HIV Skin Rash
Skin rashes can occur in people who take any of the main HIV drugs (NNRTIs, NRTIs, and PIs). Most of these rashes are mild to moderate and often go away with continued use of the medication or treatment with an antihistamine. However, an HIV skin rash such as SJS or TEN is serious -- possibly even life threatening -- and requires careful treatment and follow up.
Anti-HIV medications can cause mild skin rashes as well as serious, even life-threatening rashes. The vast majority of HIV skin rashes are mild to moderate. They usually appear within a few weeks of starting a new medication and often go away with continued use of the drug.
However, because some rashes can be serious, you should contact your doctor if you notice a rash. He or she will tell you how to best manage the condition.
This article discusses skin rashes that occur with the use of HIV medications. For information about the physical symptoms of an HIV infection, click Symptoms of HIV.
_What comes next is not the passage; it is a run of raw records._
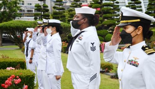 주한미해군사령부와 해군작전사령부 장병들이 미국의 현충일인 ‘메모리얼 데이’를 앞두고 27일 오전 부산 유엔기념공원을 찾아 6·25 전쟁 당시 전사한 참전 용사의 희생정신을 추모하는 의식을 갖고 있다. 정종회 기자 jjh@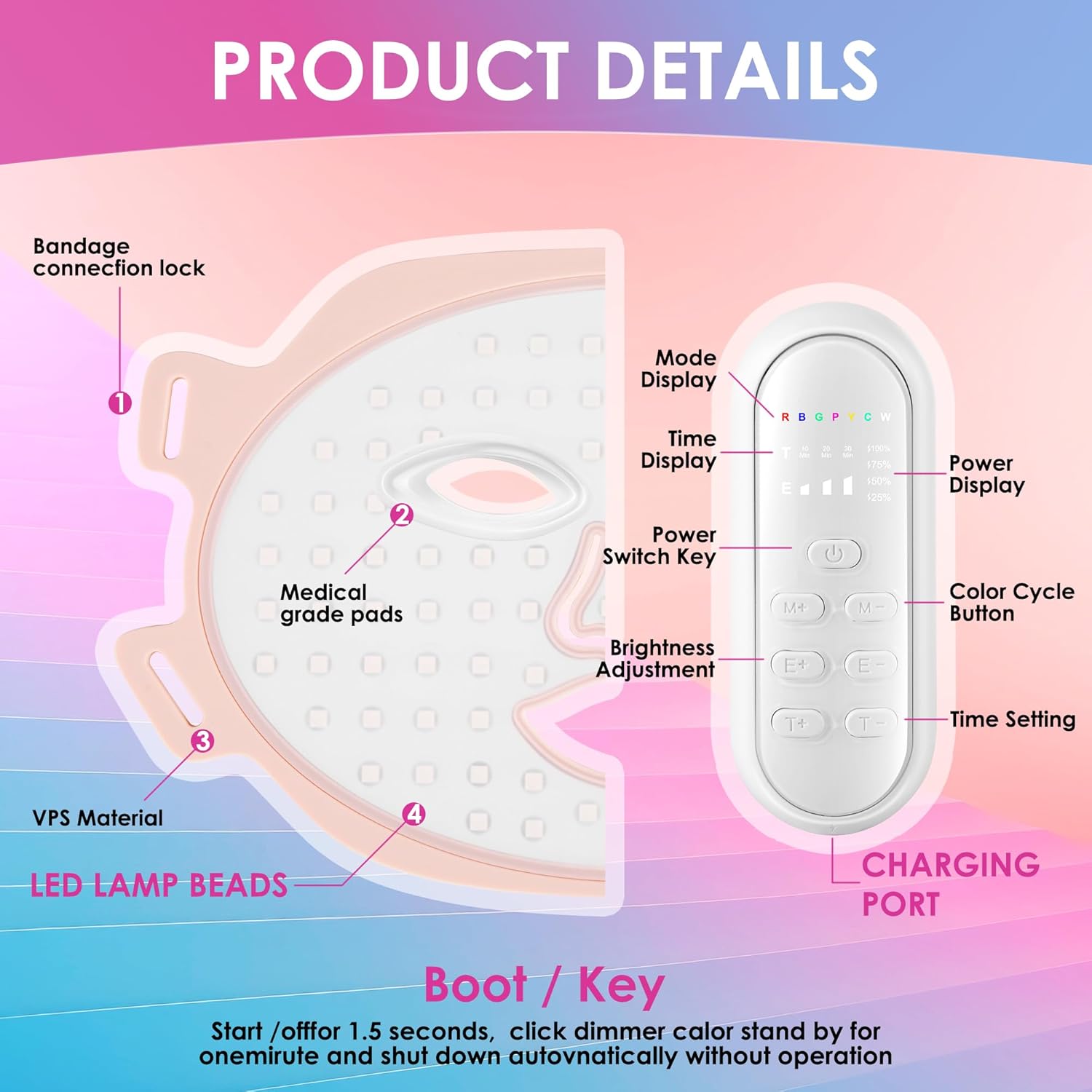 Versatile Color Options: Our facial mask offers seven colors to target various skin concerns, When using it, you can choose the wavelength that suits you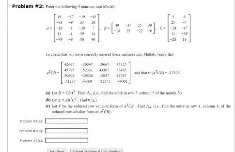 Solved Problem #3: Enter the following 3 matrices to Marib Chegg.com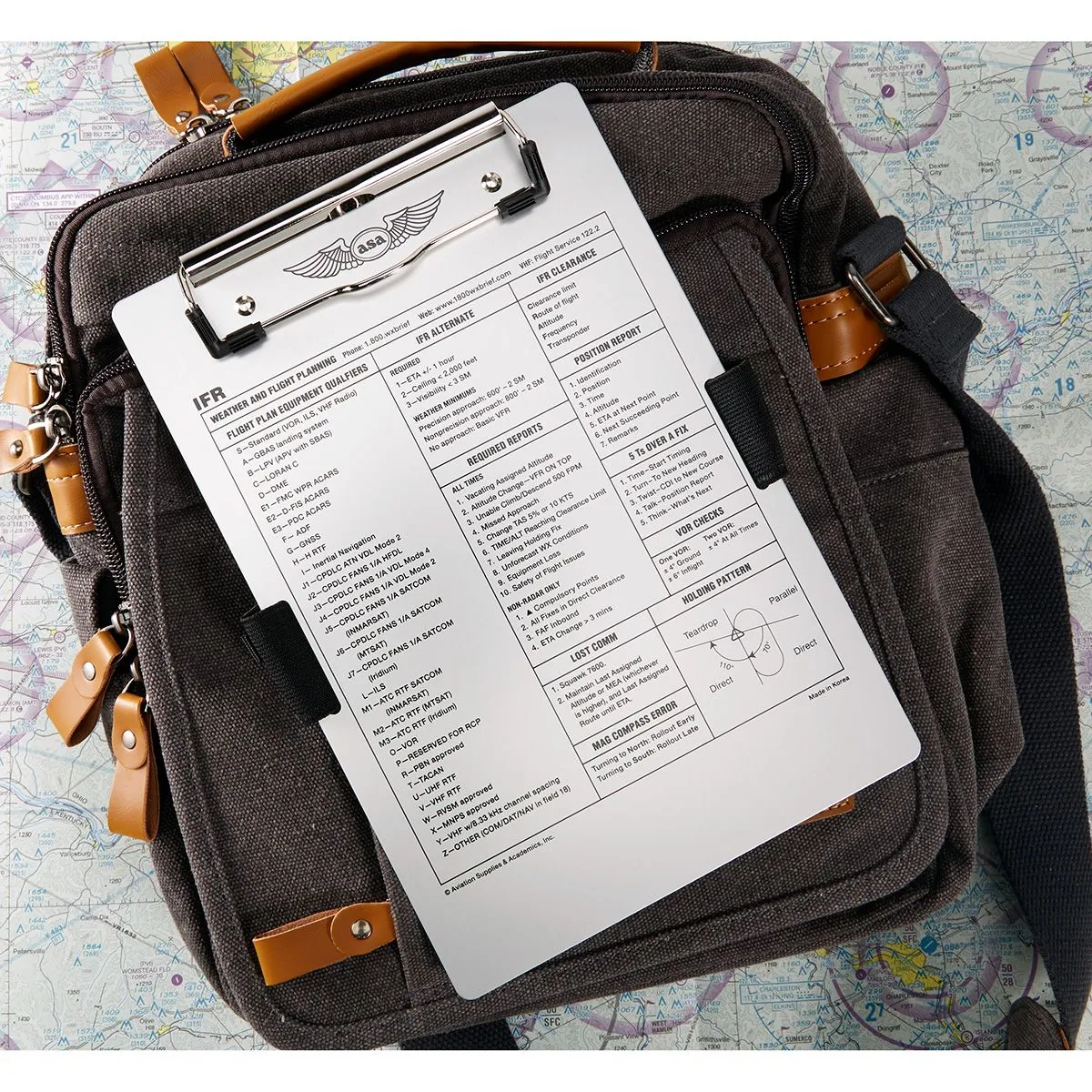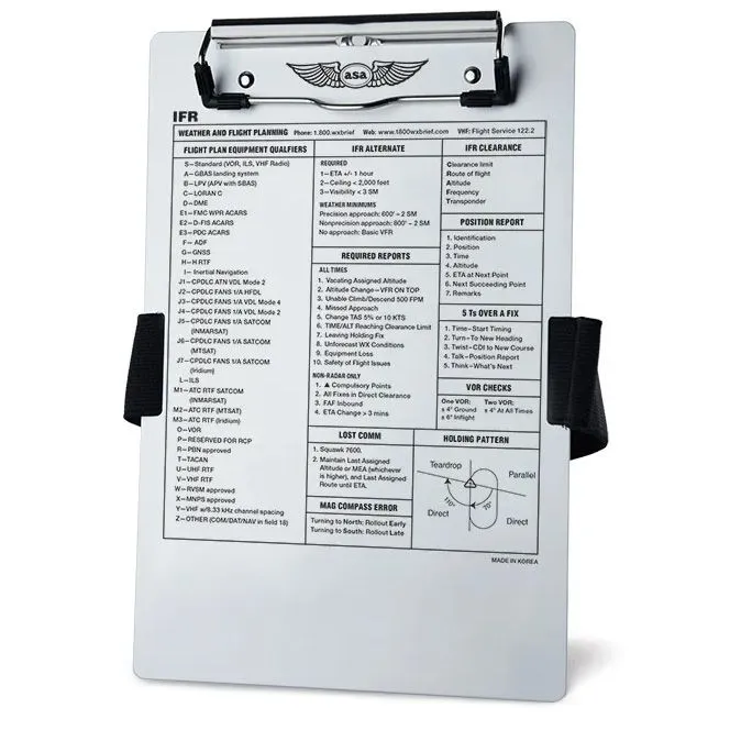 Información Técnica IFR Impresa: La base contiene datos vitales serigrafiados: frecuencias de emergencia, códigos transponder, holding patterns (patrones de espera), altitudes de crucero IFR y reportes de posición requeridos.

A skin rash may occur with medications from any of the three main HIV drug classes:
- NNRTIs (non-nucleoside reverse transcriptase inhibitors)
- NRTIs (nucleoside reverse transcriptase inhibitors)
- PIs (protease inhibitors).
NNRTIs cause the majority of HIV skin rashes, with Viramune® (nevirapine) causing the most severe rash. If you and your doctor decide to use Viramune as part of your treatment for HIV, you will likely be instructed to take only one pill a day for the first 14 days and then to increase to two pills a day.
This dosing schedule may decrease your risk of developing a severe skin rash. Women appear to be at higher risk for developing Viramune-associated skin rashes than men.